27 décembre, 2021La COP26 s'est réunie du 1er au 13 novembre 2021 et a négocié le Pacte climatique de Glasgow. Que contient-il et que signifie-t-il pour les travailleurs et travailleuses ?

DOSSIER

Global Worker No. 2 novembre 2021

Theme: COP 26, Just transition

Texte: Walton Pantland

Qu'est-ce que la COP26 ?

La COP26 est la 26e Conférence des parties à la Convention-cadre des Nations unies sur les changements climatiques (CCNUCC). Les parties sont les 197 pays signataires de la CCNUCC. Elles travaillent ensemble sur un accord mondial et multilatéral pour lutter contre le changement climatique.

La première réunion de la CCNUCC, le Sommet de la Terre de Rio, s'est tenue à Rio de Janeiro, au Brésil, en 1992, tandis que la première COP, l'organe directeur de la CCNUCC, a eu lieu à Berlin en 1995. La COP3, à Kyoto, a débouché sur le premier traité mondial sur le climat visant à tenter de limiter le réchauffement, le Protocole de Kyoto. Le Pacte climatique de Glasgow est la dernière mouture de ce traité.

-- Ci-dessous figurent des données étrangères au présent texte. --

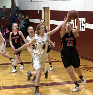 The Prairie Lady Pirates wound up playing just 1 game this past week out of 4 scheduled games with the rest cancelled due to weather conditions. On Thursday, Jan. 9, they traveled to Kamiah where they won 50-15. Prairie jumped out to a 20-8 lead by the end of the first quarter and led 30-12 by halftime. Prairie led 40-15 after 3 quarters and shut out Kamiah 9-0 in the fourth, invoking the running clock early in the quarter. Madison Shears connected on four 3-pointers and led the scoring with 16 points. Delanie Lockett also scored in double figures with 10 points and added 9 rebounds. Ellea Uhlenkott scored 7 points, India Peery 6, Kristin Wemhoff 5, and Ciara Chaffee and Tara Schlader 3 each. Shears and Uhlenkott each had 4 steals. The JV team won a shortened game 26-14. Games cancelled were Friday at Cottonwood against Salmon River, Saturday at Troy and Monday at Genesee. The Genesee game will be made up Monday, Jan. 20 at Genesee with the JV game to start at 4:30 p.m. The school is working on rescheduling the Troy game. Prairie 20 11 10 9 -50 Kamiah 8 4 3 0 -15 Prairie-Lockett 5, 0-0, 10; Wemhoff 2, 1-3, 5; Shears 6, 0-1, 16; Uhlenkott 3, 0-2, 7; Remacle 0, 0-0, 0; Schlader 1, 1-1, 3; Peery 1, 3-6, 6; Schwartz 0, 0-0, 0; Chaffee 1, 1-2, 3; Bruegeman 0, 0-0, 0. 3-pointers-Shears 4, Uhlenkott, Peery. Kamiah-Engeldow 1, 0-0, 3; Landmark 0, 0-0, 0; Loewen 2, 0-0, 5; Hix, 0, 1-2, 1; Oatman 0, 0-1, 0; Wyatt 0, 0-0, 0; Barger 1, 0-0, 2; Knight 0, 2-4, 2; Popp 0, 2-4, 2; McLay 0, 0-0, 0; Vasquez 0, 0-0, 0; McNall 0, 0-0, 0. 3-pointers-Engledown, Loewen.

Le fonctionnement de la CCNUCC a fait l'objet de nombreuses critiques. L'un des principaux problèmes est que chaque partie reconnaît que quelque chose doit être fait, et souhaite que tous les autres prennent des mesures, tout en trouvant des exceptions pour elle-même. Il en résulte une sous-déclaration systématique des émissions de carbone, un blanchiment écologique et l'exemption de secteurs entiers, par exemple l'armée.

La plupart des gouvernements espèrent encore des solutions venant du privé, guidées par le marché, ce qui fait que l'on se repose exagérément sur le potentiel de technologies qui restent théoriques et que les gouvernements n'agissent pas assez.

Pourquoi la COP26 était-elle importante ?

La COP26 a été présentée comme notre dernière et meilleure chance de limiter le réchauffement climatique à des niveaux tolérables. La COP21, qui s'est tenue à Paris en 2015, a été une étape importante, car elle a débouché sur l'Accord de Paris, un engagement mondial à limiter le réchauffement à un niveau nettement inférieur à 2 degrés. La COP26 était importante car elle a finalisé les règles régissant l'Accord de Paris, le “règlement de Paris” (Paris rulebook), et parce que les pays devaient définir leurs Contributions déterminées au niveau national (CDN) pour réduire les émissions.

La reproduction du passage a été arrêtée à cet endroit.